A Practical Guide to Building AI Agents for your Startup

A Practical Guide to Building AI Agents for your Startup

The world of technology is changing rapidly, from artificial intelligence (AI) to cybersecurity. Of the many AI variants, one that is taking the world by storm is large language models (LLMs). LLMs are built to handle complex and multi-step tasks, and through advances in reasoning, multimodality and tool use, LLM systems have a new category: agents.

As more and more businesses look to leverage new technologies, having an agent can be highly beneficial. These agents can perform tasks that would free up time for founders to focus on important tasks such as finding investors.

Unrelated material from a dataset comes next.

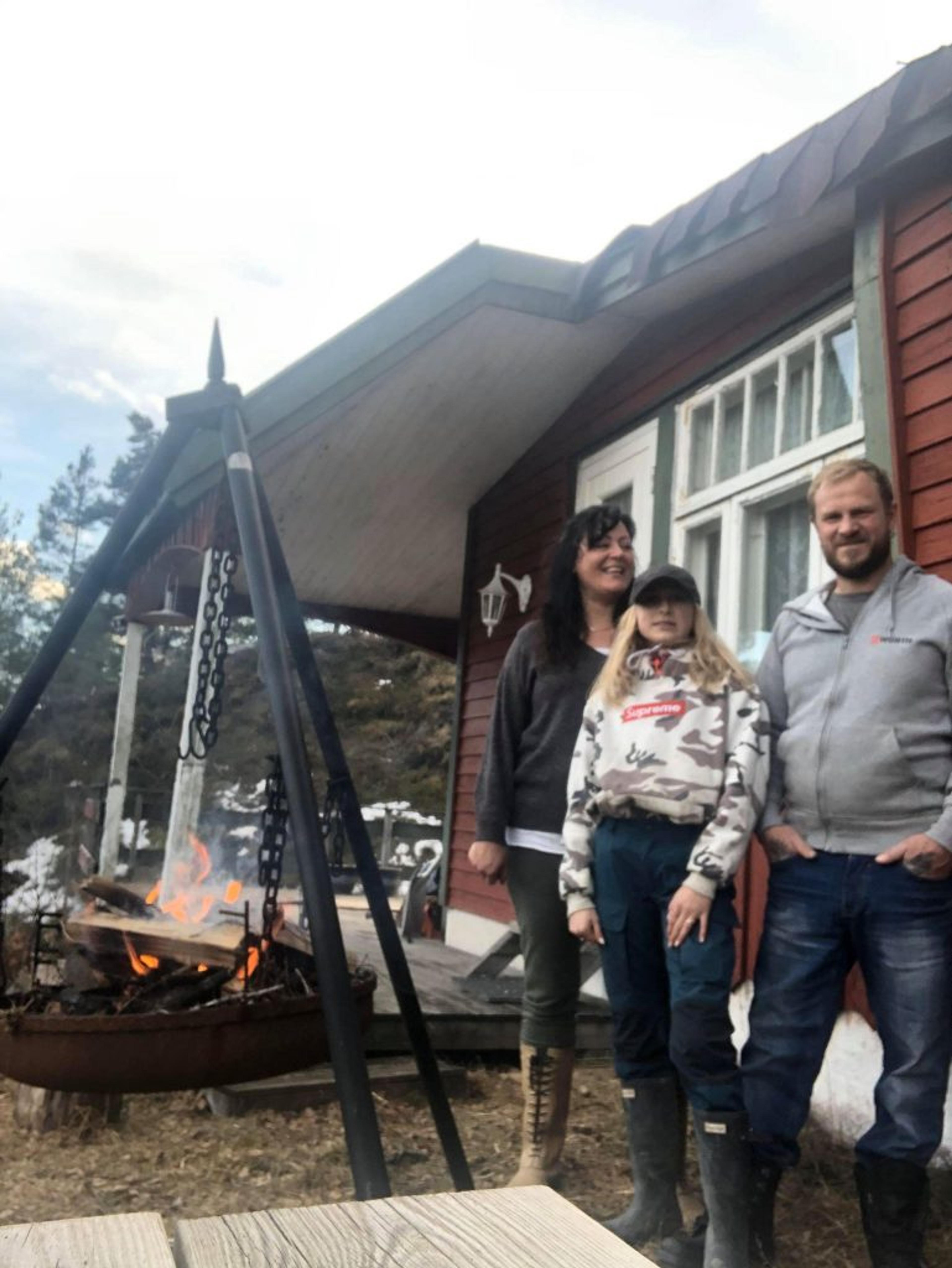 HYTTEKOS: Frode Riis (43), Siw Helen Pollestad (43) og Avilde Riis Thorin (14) fra Ramnes – på hytta i Ramnes. Foto: Privat.

In this guide, we look at how you can build your own AI agent and more.

What Is an Agent?

In the most basic terms, agents are systems that independently accomplish tasks on your behalf. LLM agents are advanced AI systems designed for creating complex text-based workflows that need sequential reasoning. These agents can think ahead, remember past conversations, and use various tools to adjust their responses based on the situation and style needed.

Agents typically consist of four components:

  • Agent/brain – This is a language model/large action model that processes and understands language based on trained data.
  • Planning – Through planning agents can reason, breakdown complicated tasks into smaller, manageable parts and develop specific plans for each part.
  • Memory – Memory helps agents handle complex LLM tasks using a record of what has been done before.
  • Tool use – These are the different resources that help agents connect with external environments to perform certain tasks.

What can agents do for you?

Across various industries, LLM agents deliver benefits that align with your business goals in many ways, including:

Efficiency and automation: Agents can take care of any repetitive tasks you might have, handling large volumes of inquiries or data processing in a matter of seconds. This means your employees spend less time on mundane tasks and more on strategic initiatives across the business.

Elevated decision support: Agents can analyse large amounts of datasets and pull insights and patterns you might overlook. This can help reduce errors, improves risk assessment and strengthens data-driven decision making in areas like finance, supply chain and other industries.

Customisation and customer experience: LLM agents can produce hyper-personalised interactions by customising responses based on customer or employee preferences. Agents can have natural, context-aware conversations and help you deliver tailored experiences that drive loyalty and business growth.

Scaling and consistency: If you are looking to scale your business, you cannot afford any delays. By leveraging off LLM agents you can scale easily, manage large amounts of requests at once while maintaining accuracy and reliability.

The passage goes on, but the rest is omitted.